In the United States today, ending drug addiction seems impossible. The system claims to be ``fighting drugs'' -- with cops, new medications, religion, new therapies, and ``just say no'' campaigns. But despite all of this the drug problem won't go away -- while armed police enforcers harass and brutalize the people.

Why? Because this dog-eat-dog system causes drug use, and because powerful forces within the system profit off of drug sales. The production, transportation and sale of drugs is a multi-billion-dollar business. It is run by big-time capitalists who have ties throughout the U.S. government, the CIA and the police. Meanwhile, the top rulers of this system blame the people for the ``drug problem'' -- especially poor ghetto youth.

MAOISTS SAY: ALL OPPRESSION, INCLUDING DRUG ADDICTION, CAN BE OVERTHROWN!

How do we know? Because after Maoist revolution won in China, in 1949, the people themselves led by the Communist Party of China used Maoist methods to wipe out drug addiction. This experience and these methods are very relevant to the world today!

Revolutionaries all over the planet are studying the contributions of Mao Tsetung, the greatest revolutionary of our time. And they are teaching the people how Mao's theory and practice can show people today how to liberate themselves. On Mao's 100th birthday, December 26, 1993, celebrations of the Mao Centenary went into high gear.

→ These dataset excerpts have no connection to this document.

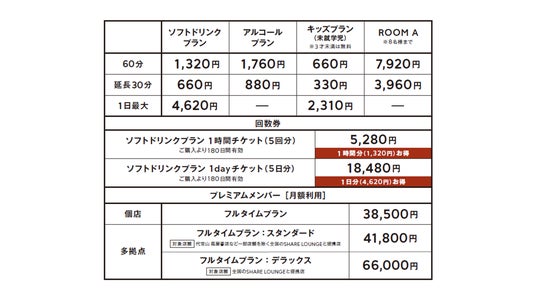 ■SHARE LOUNGE キラリナ京王吉祥寺 料金表
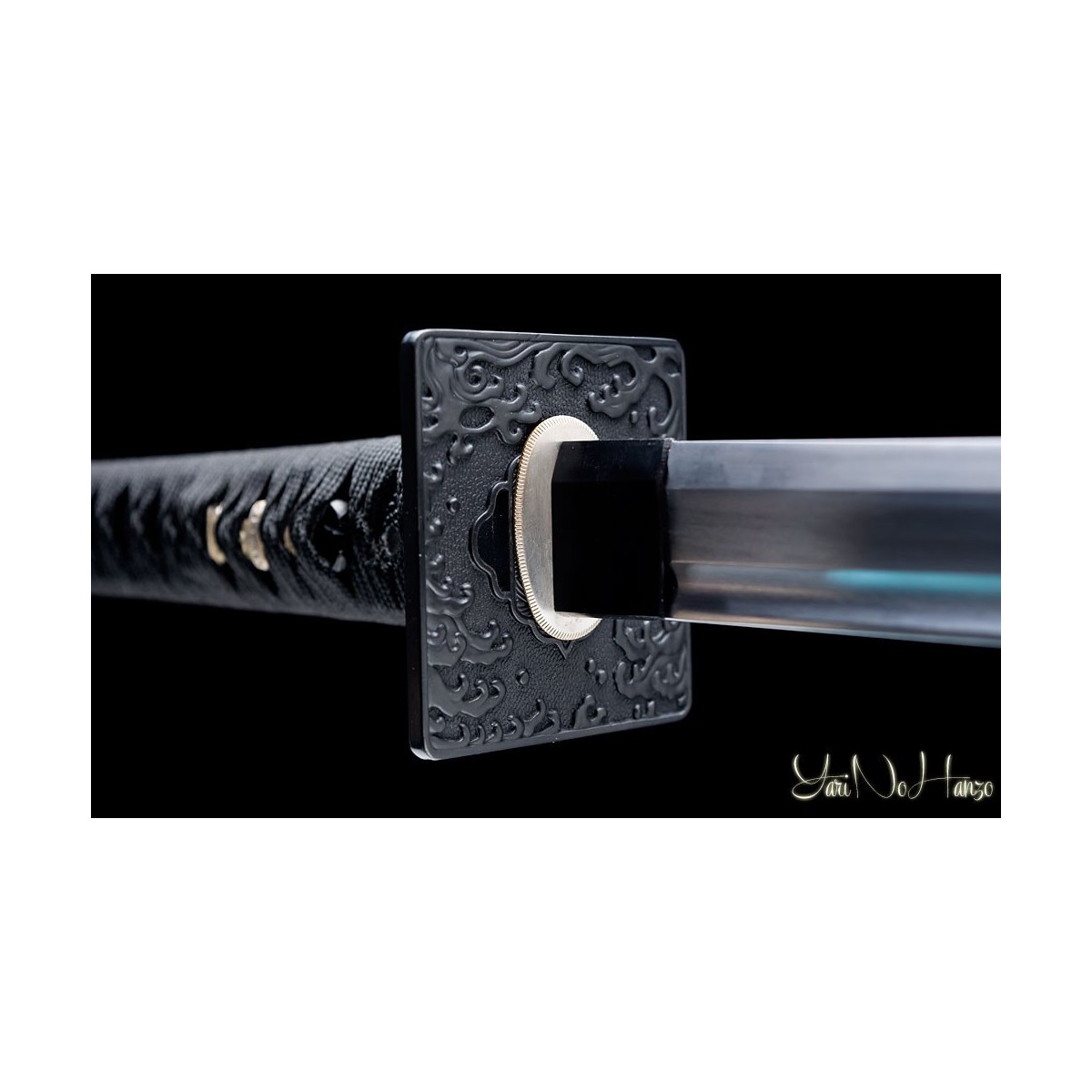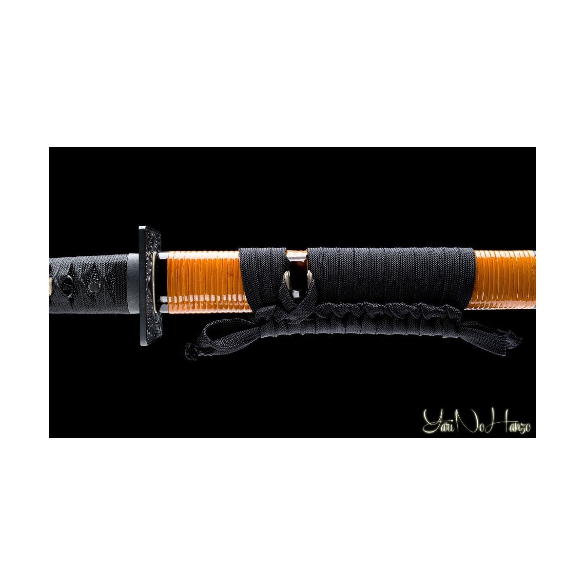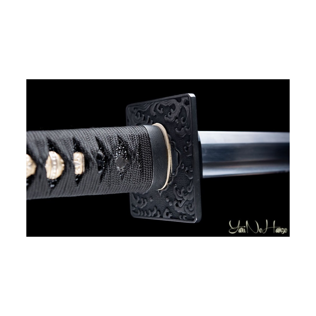 - Schwarzes Tsuka-Ito (Griffwicklung), echte schwarze Rochenhaut (Same) und Tsuba Hokei (Schwertstichblatt)
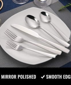 - ELEGANT DESIGN AND PREMIUM FINISH: Take your dining experience to the next level with the sleek design and durability of this silver flatware set. It is made of high quality 18/8 stainless steel with a polished finish that won’t fade, ensuring long-lasting beauty.

This story of how Maoist Revolution ended drug addiction shows that ``WHEN REVOLUTION HAS ITS DAY, PEOPLE SEE THINGS A DIFFERENT WAY.''

Old China Had the World's Biggest Drug Problem

Before Mao's revolution won, in 1949, the people of China were miserably poor, ruled by a handful of rich landowners, warlords and foreign capitalists.

Under that old society, many people were strung out on the pipe. There were 70 million junkies in China -- addicted to opium, morphine and heroin. Half-starving laborers used the sweet opium dreams to cover the pain of hunger and hopelessness. And the lazy rich used drugs to fill up their empty hours. In some areas everyone even children, smoked opium. In the cities, tiny bottles of drugs were sold on the streetcorners like ice cream. People got high on the job.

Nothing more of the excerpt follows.